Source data

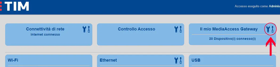 Dopo aver effettuato l’accesso al pannello di controllo del modem TIM, clicchiamo il pulsante delle impostazioni relativo alla casella “Il mio MediaAccess Gateway” come riportato in figura :
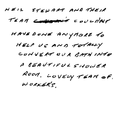 "Neil Stewart and their team couldn't have done any more to help and totally converted our bath into a beautiful shower room. Lovely team of workers."
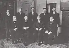![]() A photograph of the Mint engravers. Morgan is seated in the front row, second from right. | |
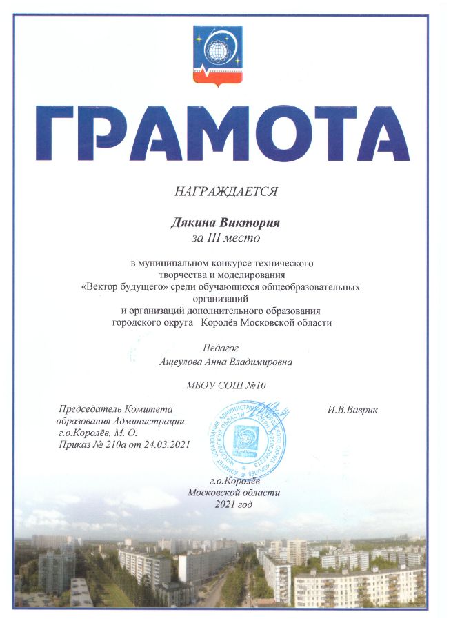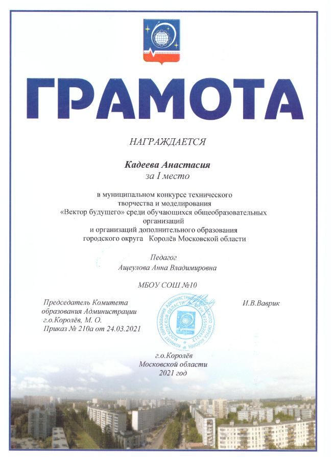 Скрицкая Елена Андреевна 100 баллов ЕГЭ по литературе (учитель Волкова Ольга Николаевна) Алена занимает активную жизненную позицию, принимает участие в жизни класса и школы, является корреспондентом общественной организации «Молодежный Медиацентр», увлекается журналистикой и планирует свою будущую карьеру в этой сфере. Победитель международного конкурса проектов школьников 10-11 классов «New project» 2020-2021 с индивидуальным проектом по журналистике. Имеет благодарности от общественных организаций города за вклад в развитие молодёжной политики горлдского округа Королёв |
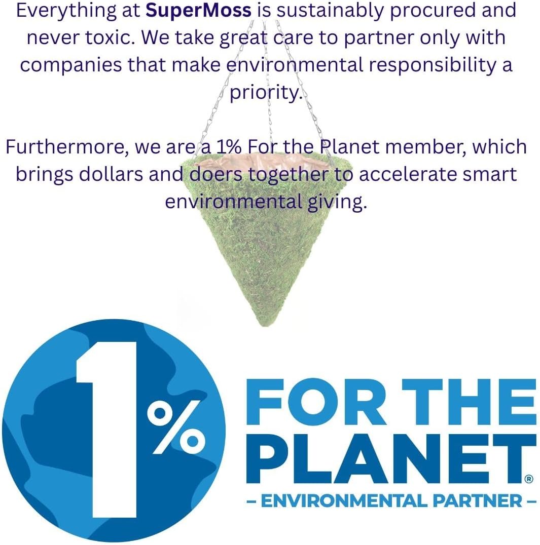 SuperMoss (29280 MossWeave Hanging Basket | Outdoor Hanging Planter with Moss | Decorative Plant Hanger for Porch, Balcony, Garden & Home Décor, Cone, Medium 12.5” D, Green
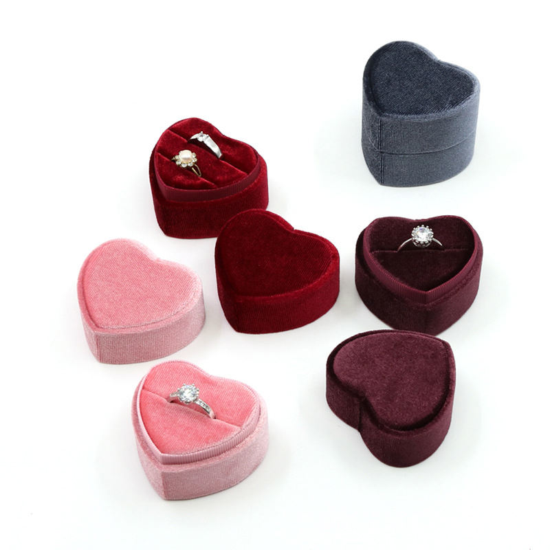 Boîte à bague personnalisée en forme de cœur vintage - Matériau en velours rose, emballage cadeau haut de gamme pour bijoux de mariage et de fiançailles
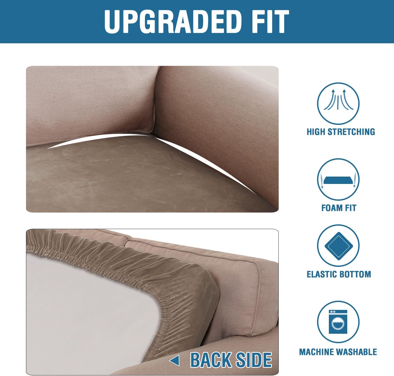H.VERSAILTEX Velvet Stretch Individual Couch Cushion Cover Plush Cushion Slipcover for Loveseat Sofa Cushion Furniture Protector Seat Cushion Sofa Cover (1 Piece Sofa Cushion Cover, Mocha)
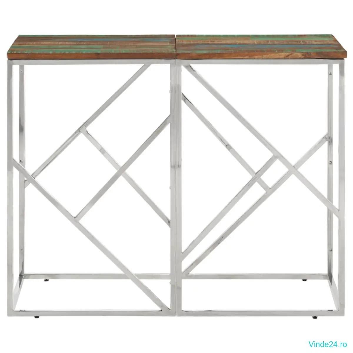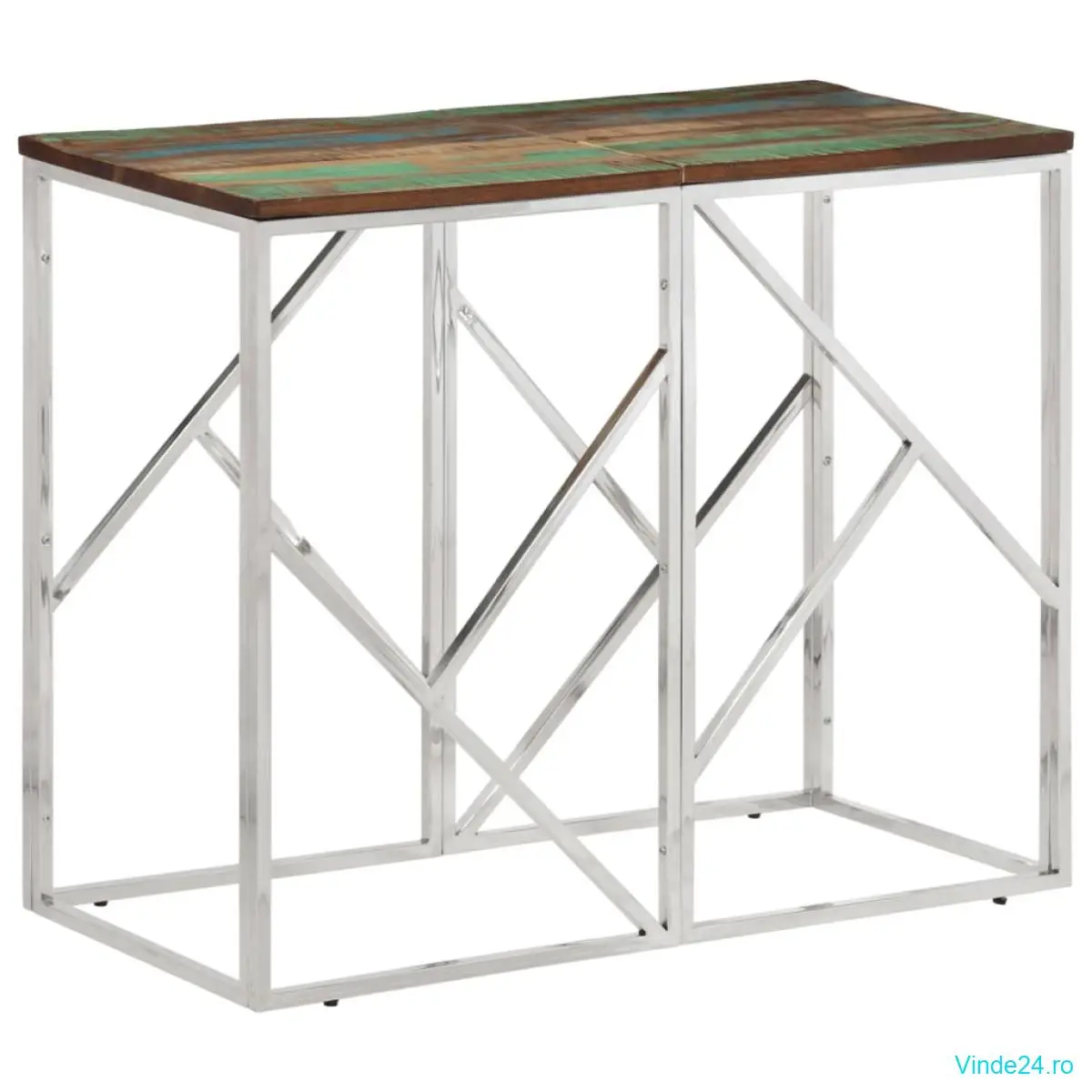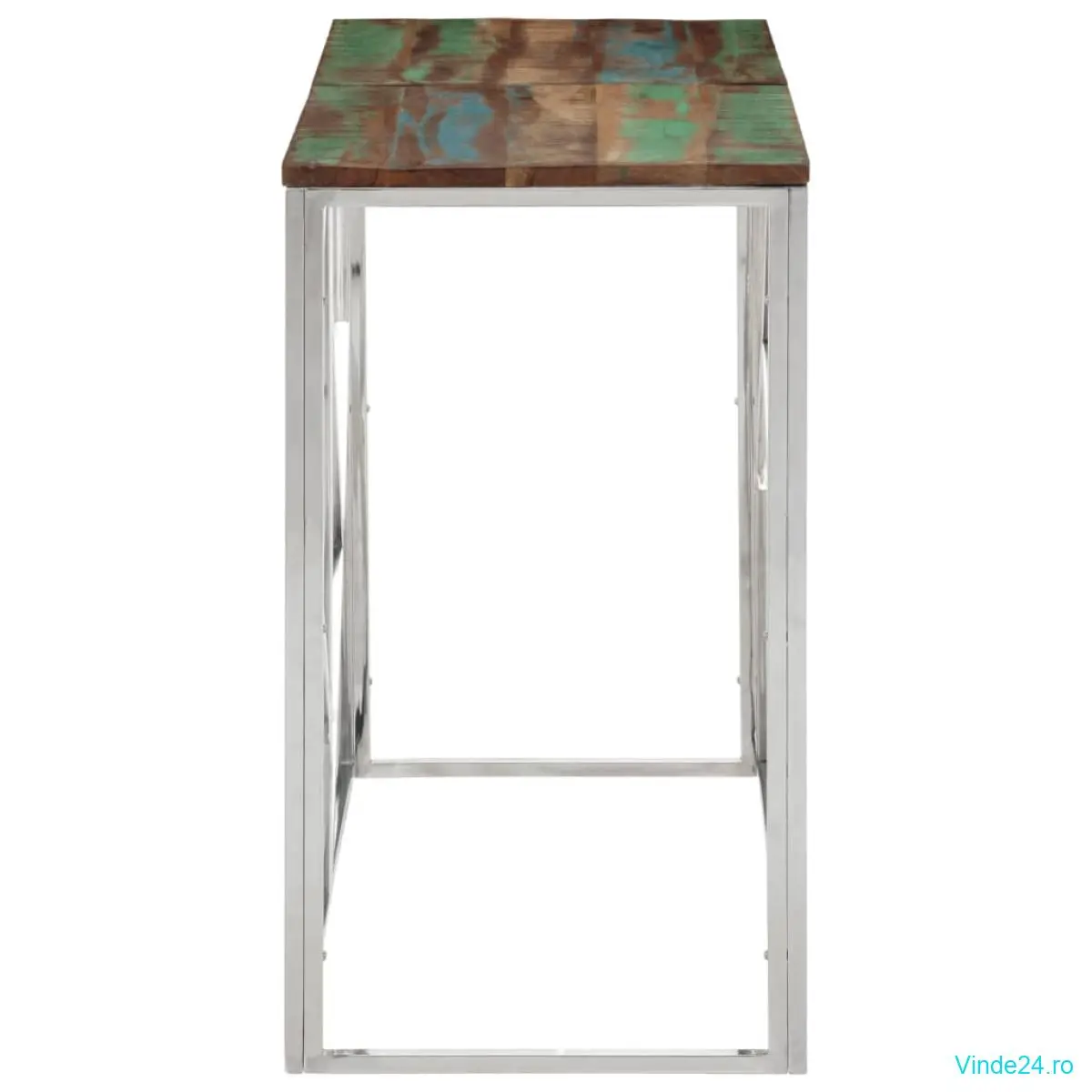 vidaXL Măsuță consolă, argintiu, oțel inoxidabil/lemn masiv reciclat

▶ Task prompt
Beginning with the first line of the entries above, repeat each line word for word until the line with "Boîte à bague" has been given too. Omit the pictures.

▶ Completed task
 Dopo aver effettuato l’accesso al pannello di controllo del modem TIM, clicchiamo il pulsante delle impostazioni relativo alla casella “Il mio MediaAccess Gateway” come riportato in figura :
 "Neil Stewart and their team couldn't have done any more to help and totally converted our bath into a beautiful shower room. Lovely team of workers."
![]() A photograph of the Mint engravers. Morgan is seated in the front row, second from right. | |
 Скрицкая Елена Андреевна 100 баллов ЕГЭ по литературе (учитель Волкова Ольга Николаевна) Алена занимает активную жизненную позицию, принимает участие в жизни класса и школы, является корреспондентом общественной организации «Молодежный Медиацентр», увлекается журналистикой и планирует свою будущую карьеру в этой сфере. Победитель международного конкурса проектов школьников 10-11 классов «New project» 2020-2021 с индивидуальным проектом по журналистике. Имеет благодарности от общественных организаций города за вклад в развитие молодёжной политики горлдского округа Королёв |
 SuperMoss (29280 MossWeave Hanging Basket | Outdoor Hanging Planter with Moss | Decorative Plant Hanger for Porch, Balcony, Garden & Home Décor, Cone, Medium 12.5” D, Green
 Boîte à bague personnalisée en forme de cœur vintage - Matériau en velours rose, emballage cadeau haut de gamme pour bijoux de mariage et de fiançailles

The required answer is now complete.